# INSTRUCTIONS TO FOLLOW
Images excepted, the data below must be repeated exactly.

# GIVEN INFORMATION
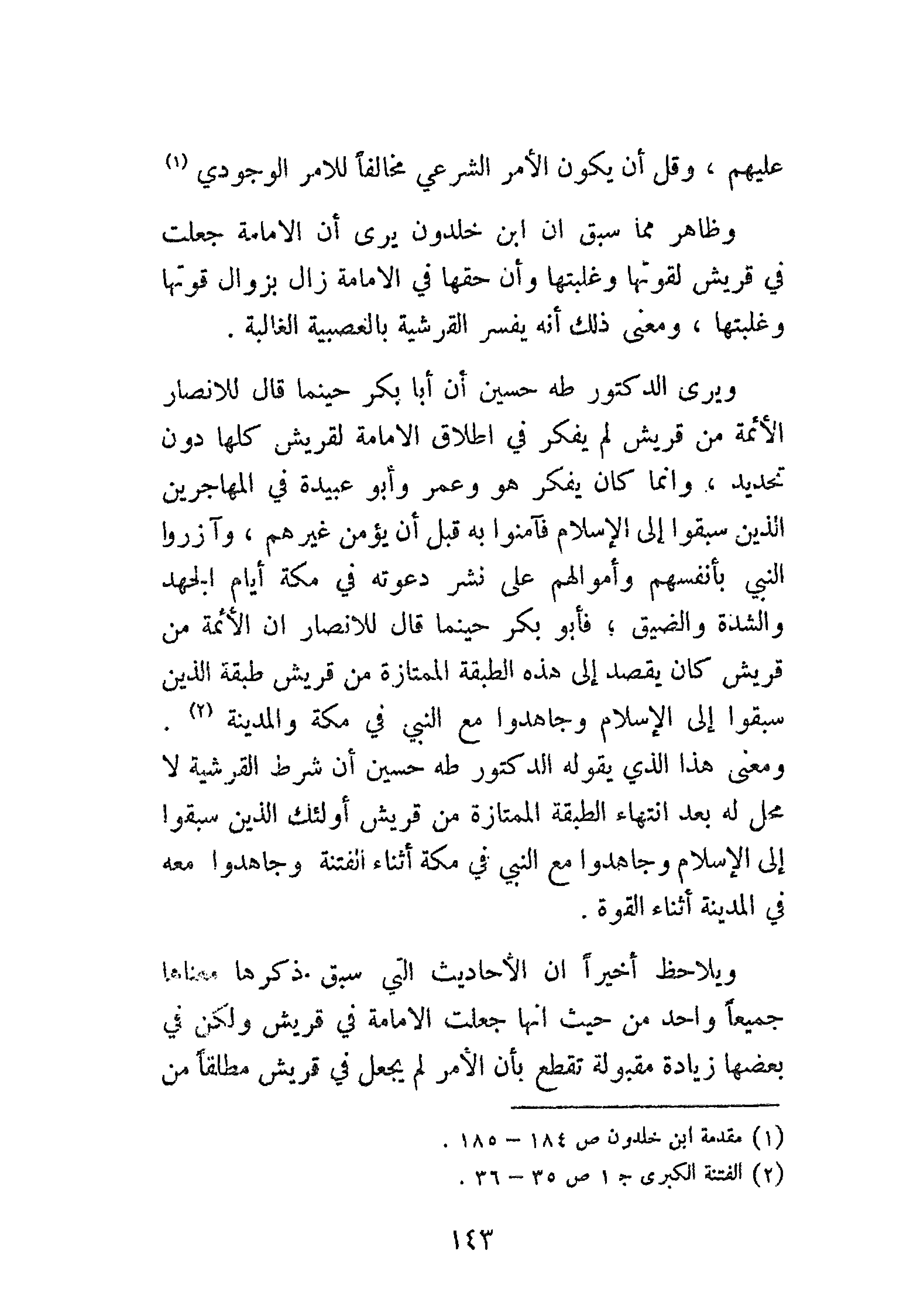 ويرى الدكتور طة حسين أن أبا بكر حينما قال للأنصار: «الأَئِمَّةُ مِنْ قُرَيْشٍ» لم يفكر في إطلاق الإمامة لقريش كلها دون تحديد، وإنما كان يفكر هو وعمر وأبو عبيدة في المهاجرين الذين سبقوا إلى الإسلام فآمنوا به قبل أن يؤمن غيرهم، وآزروا النبي بأنفسهم وأموالهم على نشر دعوته في مكة أيام الجهد والشدة والضيق، فأبو بكر حينما قال للأنصار أن الأئمة من قريش كان يقصد إلى هذه الطبقة الممتازة من قريش طبقة الذين سبقوا إلى الإسلام وجاهدوا مع النبي في مكة والمدينة (¬2). ومعنى هذا الذي يقوله الدكتور طة حسين أن شرط القرشية لا محل له بعد انتهاء الطبقة الممتازة من قريش أولئك الذين سبقوا إلى الإسلام وجاهدوا مع النبي في مكة أثناء الفتنة وجاهدوا معه في المدينة أثناء القوة.
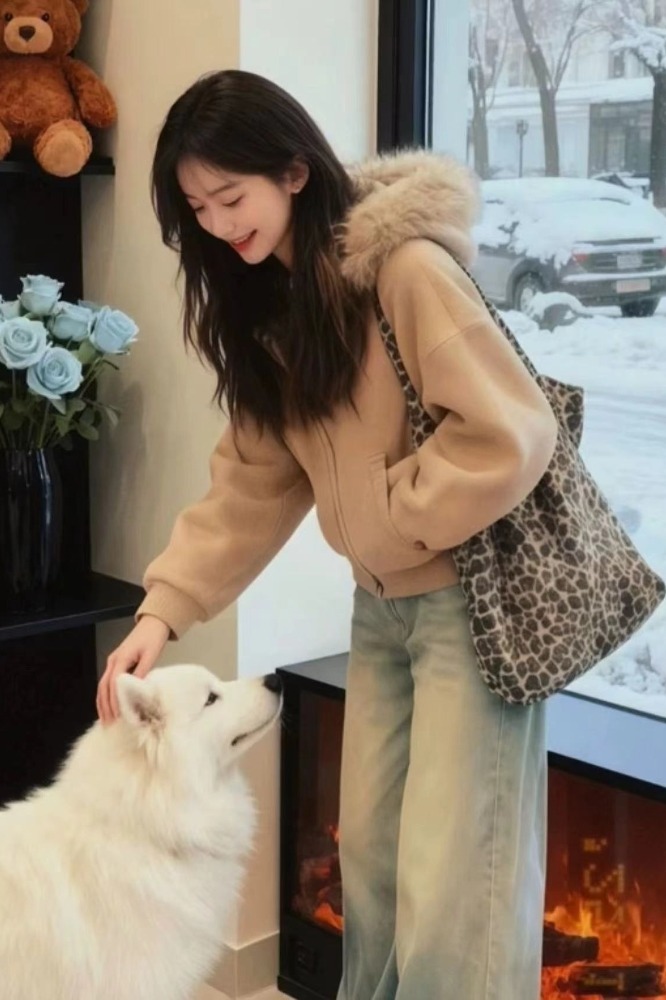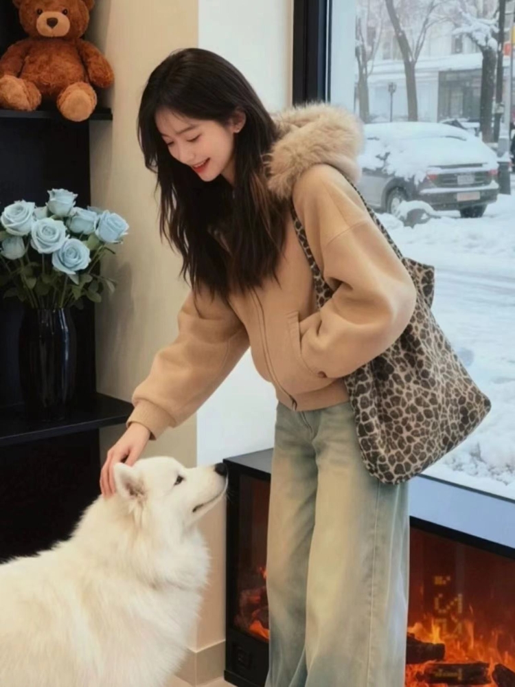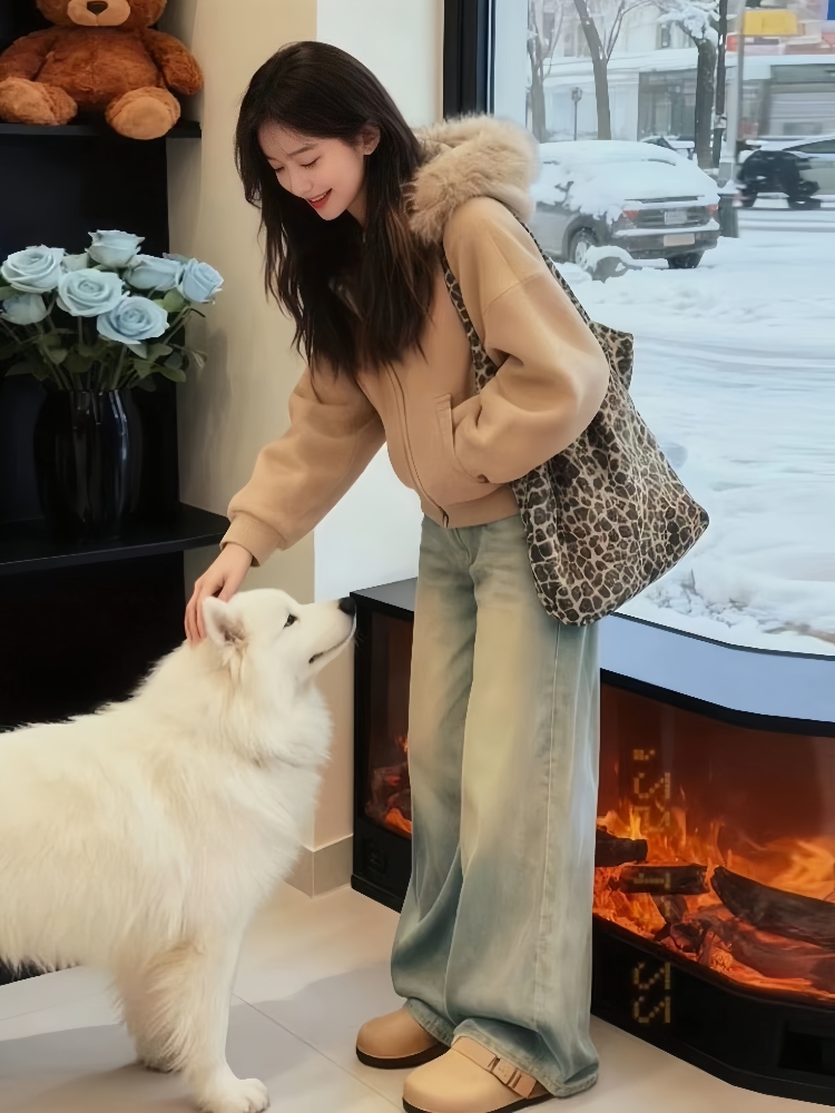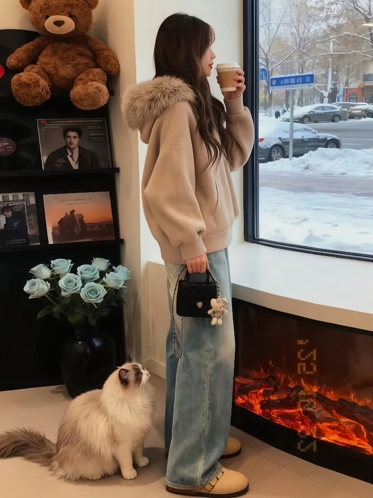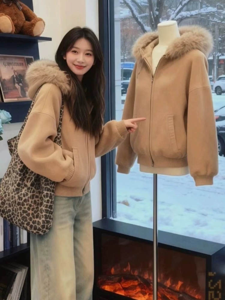 MY15492# 独特漂亮两件套慵懒风高级感巨好看卡其色毛领针织外套牛仔裤套装女裝貨源服裝批發
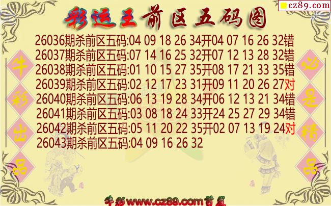 大乐透2026043期彩运王前区五码图谜

# RESPONSE BOX
 ويرى الدكتور طة حسين أن أبا بكر حينما قال للأنصار: «الأَئِمَّةُ مِنْ قُرَيْشٍ» لم يفكر في إطلاق الإمامة لقريش كلها دون تحديد، وإنما كان يفكر هو وعمر وأبو عبيدة في المهاجرين الذين سبقوا إلى الإسلام فآمنوا به قبل أن يؤمن غيرهم، وآزروا النبي بأنفسهم وأموالهم على نشر دعوته في مكة أيام الجهد والشدة والضيق، فأبو بكر حينما قال للأنصار أن الأئمة من قريش كان يقصد إلى هذه الطبقة الممتازة من قريش طبقة الذين سبقوا إلى الإسلام وجاهدوا مع النبي في مكة والمدينة (¬2). ومعنى هذا الذي يقوله الدكتور طة حسين أن شرط القرشية لا محل له بعد انتهاء الطبقة الممتازة من قريش أولئك الذين سبقوا إلى الإسلام وجاهدوا مع النبي في مكة أثناء الفتنة وجاهدوا معه في المدينة أثناء القوة.
 MY15492# 独特漂亮两件套慵懒风高级感巨好看卡其色毛领针织外套牛仔裤套装女裝貨源服裝批發
 大乐透2026043期彩运王前区五码图谜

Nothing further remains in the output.